3ds max isn't made for the MAC is it...that's the same dudes who make the autocad stuff right? And ass become the gaming industry's program of the  decade too right? I wish i could get my hands on a copy of it. 

I've heard maya is a mega pain to use but the output is what is desired the most. it's really expensive to. 

anyhoo i think i'm falling in wuv with blender :hugs:  :heart:   !!


----------



## MDowdey (Jul 29, 2005)

i just tried to download blender on my work computer and it gave me the fits. oh well, ill try it at home i suppose


----------



## mygrain (Jul 29, 2005)

wow really..that sucks. it works beautifully on my mac. hmmm... well atleast you can download software and put it on your cpu at work...i have toget permission from the IT folks here to put anything on my PC...It took two days for them to add Visio to this damn machine!!


----------



## thebeginning (Jul 30, 2005)

yeah it didnt work quite right on mine either.  it's a great little program though, that's for sure. i used to do that stuff all the time.  not much anymore though now that photography is my 'thang'.  i like wings better for modelling though.  i used 3ds max7 for a while, i got frusterated with it though and didnt have the time to learn it.


----------



## Scurra (Jul 31, 2005)

I've used blender before, It essentialy functions just like a slightly cut down version of 3DSMAX, the front end is a little less user friendly and relies a lot on the users ability to remember a lot of keyboard shortcuts (at least that was the case in the version I used). I haven't used Maya so I can't pass comment on that but I've heard good things about lightwave from my multimedia buddies.


----------



## Scurra (Jul 31, 2005)

Oh I just thought of another piece of (I think free) reasonable 3D creation software.
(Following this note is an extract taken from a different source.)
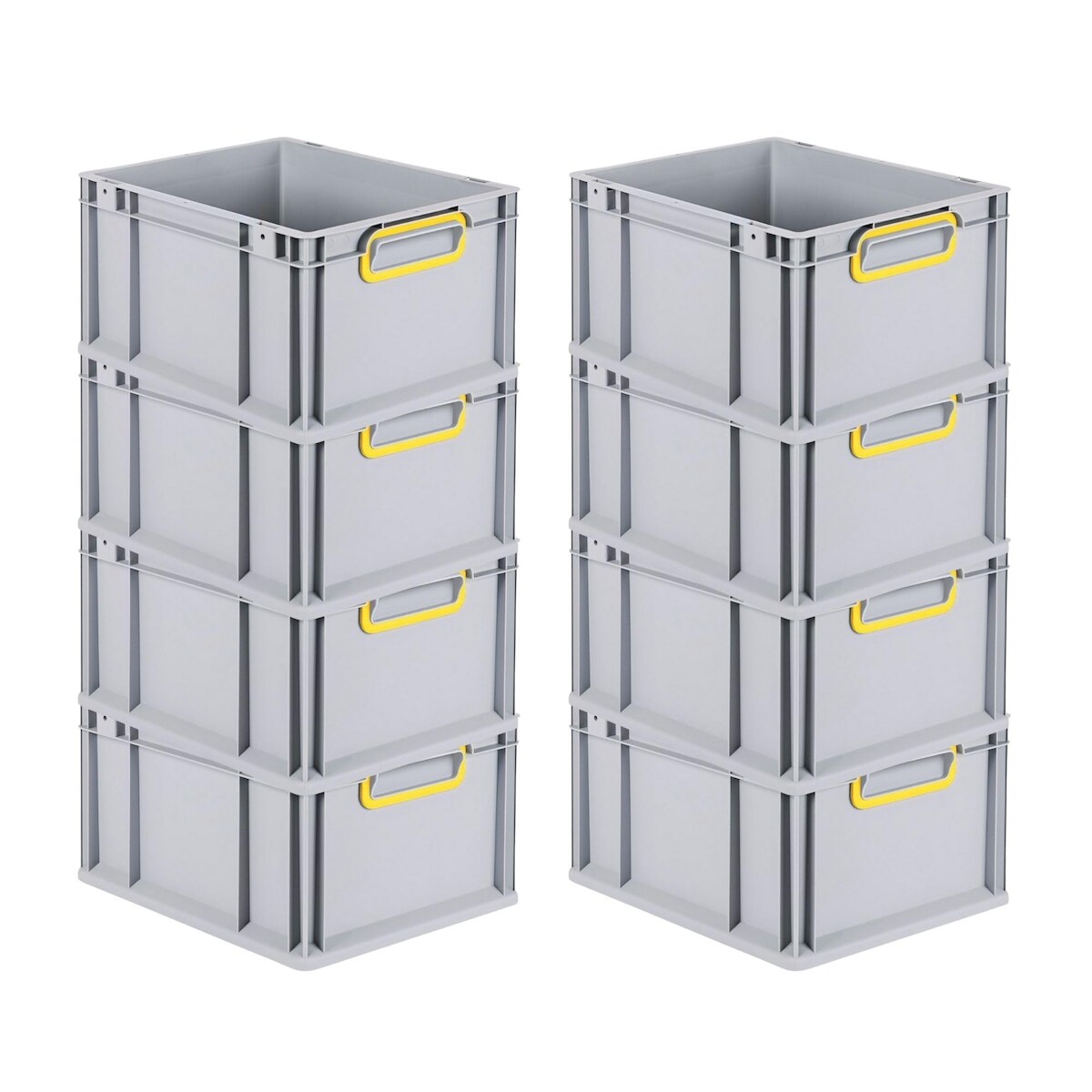 PROREGAL SuperSparSet 8x Eurobox NextGen Color, HxBxT 22x30x40cm, 20 Liter, Griffe gelb zu, Grau, Eurobehälter, Box, Transportbehälter

It's called Milkshape, I used it quite a while ago and have forgotten a fair few details about it but i'll look it up and post back here when I have more info. Or you could just google it.


----------



## mygrain (Aug 1, 2005)

Milkshape huh...never heard of it but i will google ASAP. I've also heard of InkScape but I think it's PC only. 

As for the keystrokes in blender, you are correct-a-mundo. It does rely heavily on them but Im so use to using them in PS and Corel Painter 9 that it's second nature to me.


----------



## Onyx (Aug 18, 2005)

mygrain said:
			
		

> How is maya...i've only seen someone working onit for about 2 minutes and nothing else. I'd love to get my hands ona copy of it but it's soooo expensive. I've heard good thing abour bryce and 3d studiomax.
> 
> I've taken the 3d plung...my cousin is a programmer in CO and is trying to get me a job in NC doing 3D gaming work for a buddy of his so I am doing a crash course in modeling. I have the ideas but not the mechanics so he pointed me towards Blender. very very happy so far.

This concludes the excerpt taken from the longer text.